= Francis McGarry =

Australian Catholic lay missionary (1897–1955)

Francis James McGarry (11 July 1897 – 21 November 1955) was a Catholic lay missionary and Protector of Aborigines who was instrumental in the establishment and day-to-day management of the Little Flower Mission in Central Australia.

== Early life ==

McGarry was born on 11 July 1897 in Wagga Wagga in New South Wales, the younger of twins and sixth child, born to John McGarry, a butcher, and his wife Catherine Elizabeth, née Jones. When his father died the family moved to Sydney where they settled in Manly and McGarry attended Marist Brothers' High School in Darlinghurst. After completing schooling McGarry worked as a clerk and warehouseman at Peterson Laing and Bruce.

McGarry served in World War I, first joining the 17th Battalion, an infantry militia, aged 18. Following this, on 28 July 1917, he enlisted in the First Australian Imperial Force with whom he served as a truck driver in the 45th Battalion in France from August 1918. He was discharged, uninjured, on 13 September 1919.

Following his return in 1922, McGarry joined the St Vincent De Paul Society where he was a weekly visitor at the Leprosarium at Little Bay, New South Wales from 1926; an act that he hid from people due to concerns about his exposure to infectious disease. On these visits McGarry offered to give pastoral care as well as delivering requested items - such as books and newspapers - to patients.

== Life in the Northern Territory ==

=== Little Flower Mission ===
McGarry moved to the Northern Territory in 1935 to assist Father P. J. Moloney in establishing the Little Flower Mission, which began in Alice Springs. In the early days, the mission was on Bath Street in the centre of Alice Springs, although it moved to the banks of Charles Creek, near the Alice Springs Telegraph Station which was then operating as The Bungalow. McGarry employed Arrernte men to build the mission here this included erecting combined church and school and Wurlies, a form of humpies, for accommodating families.

During this period McGarry fed, clothed, and taught Aboriginal children at the mission. He did not allow the children to speak the Arrernte language. He believed that he was working quietly towards the elimination of Arrernte cultural practices, believing that they conflicted with Christianity. Examples of this include the expulsion of people in polygamous relationships from the mission camp and he believed that male initiation rites were excessively brutal and that the process made conversion to Christianity more difficult. McGarry wrote in a letter to his family that:

In these early years McGarry also obtained most of the mission's food by seeking donations and bargaining for goods in Alice Springs as well as from family and the St Vincent de Paul Society. McGarry also sold Aboriginal artefacts and weapons that were made at the mission. A key part of his missionary work was also hospital visitation, where he tended to patients and fomented deathbed conversions.

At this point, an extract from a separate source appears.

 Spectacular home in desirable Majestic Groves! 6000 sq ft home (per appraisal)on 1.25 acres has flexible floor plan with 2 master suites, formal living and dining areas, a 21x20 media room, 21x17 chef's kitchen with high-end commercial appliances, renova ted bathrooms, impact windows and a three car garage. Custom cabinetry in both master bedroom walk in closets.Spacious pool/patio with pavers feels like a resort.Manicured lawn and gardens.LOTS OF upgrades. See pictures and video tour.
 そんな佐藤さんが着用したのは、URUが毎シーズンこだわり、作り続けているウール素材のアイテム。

In April 1938 McGarry lost his teaching role when the Sisters of Our Lady of the Sacred Heart took over the school. McGarry found this transition very difficult and tried to maintain influence over the school, causing considerable tension with the sisters and the missionary community.

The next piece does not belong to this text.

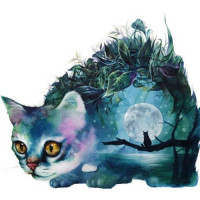 a night sky with a full moon visible on the right side. There are also trees and what appears to be a river or lake in the lower part of the image. The overall style suggests a fantastical or surreal theme, blending elements of nature with

In 1942, following the bombing of Darwin, Alice Springs became a major army staging base and the mission was ordered to relocate to Arltunga, 110 km (68 miles) east of Alice Springs, which was a former mining town. To complete this move, which took two years, McGarry was responsible for locating water, building roads and escorting people to the new location. However, when the move was completed in March 1944 McGarry's role was no longer needed; the reason for this is not clear but the letters of Bishop Francis Xavier Gsell suggest that it was due to McGarry's poor relationship with the sisters.

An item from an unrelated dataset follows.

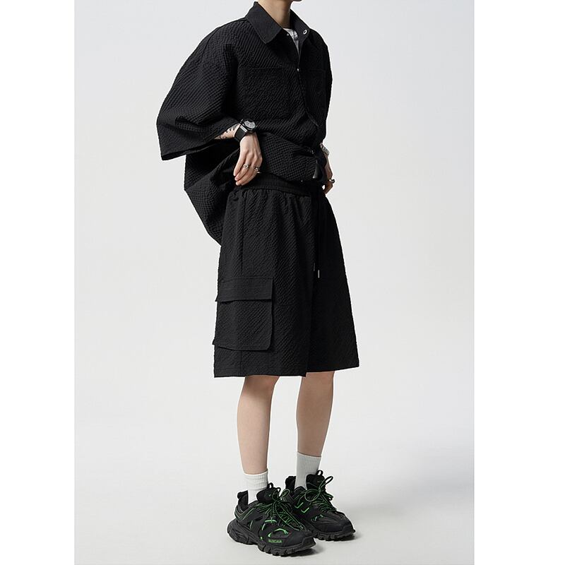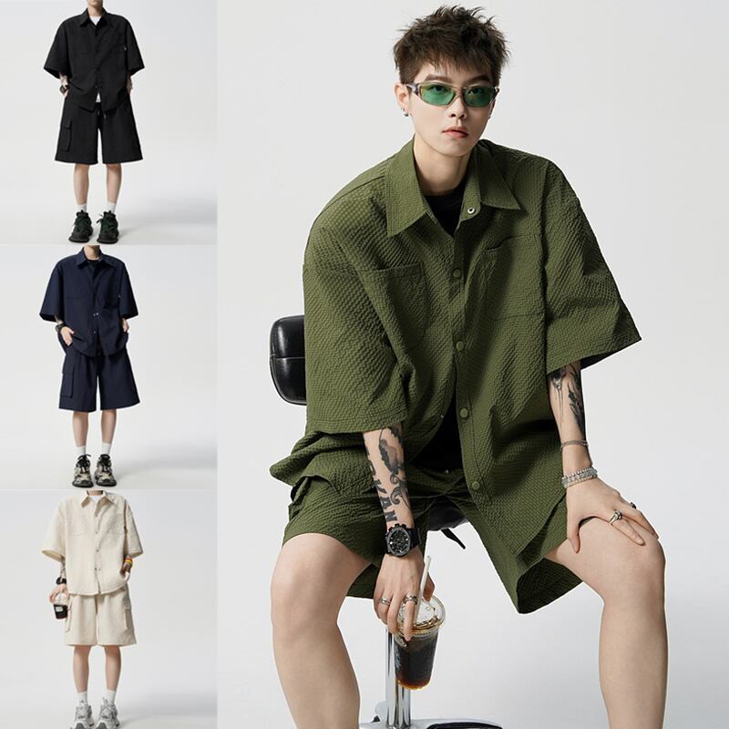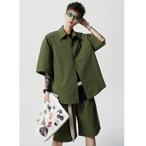【CEXUシリーズ】★セットアップ ★ 4color シャツ+短パン 男女兼用 メンズ 大きいサイズ 黒 緑 青

=== Career with the Native Affairs Branch ===
In September 1944 McGarry accepted a position with the Northern Territory's Native Affairs Branch, initially as a patrol officer; a position that he had been offered earlier. In 1946, after a number of more short-term roles, McGarry was posted as superintendent of the newly established Yuendumu settlement, delivering rations and welfare services to Warlpiri and Anmatyerre people who had been displaced from their homelands and traditional food sources.

This position was, however, short-lived with McGarry being asked to step down from the role in 1948 (although he was told that he could apply for the role of the assistant). This may have been due to enforcement of the policy that only married men could be employed as superintendent or that McGarry's attitude to the arrival of Baptist missionaries was problematic. McGarry did write in a letter home that:

They will put no one over me, so ... I soon may be cutting your lawn
— Francis McGarry, Letter from Francis McGarry to the McGarry family, 9 June 1948, McGarry Papers.

McGarry resigned from his post on 20 July 1948.

== Later life ==

Following his resignation McGarry returned to Sydney, where he worked as a salesman at an auctioneers in Manly before becoming a night-watchman in order to keep his days free for charity work at the St Vincent de Paul opportunity shop.

On 21 November 1955, aged 58, McGarry died of meningitis, after a short illness. He was buried at Frenchs Forest Bushland Cemetery.

His cause for beatification was sent to the Vatican in 1970.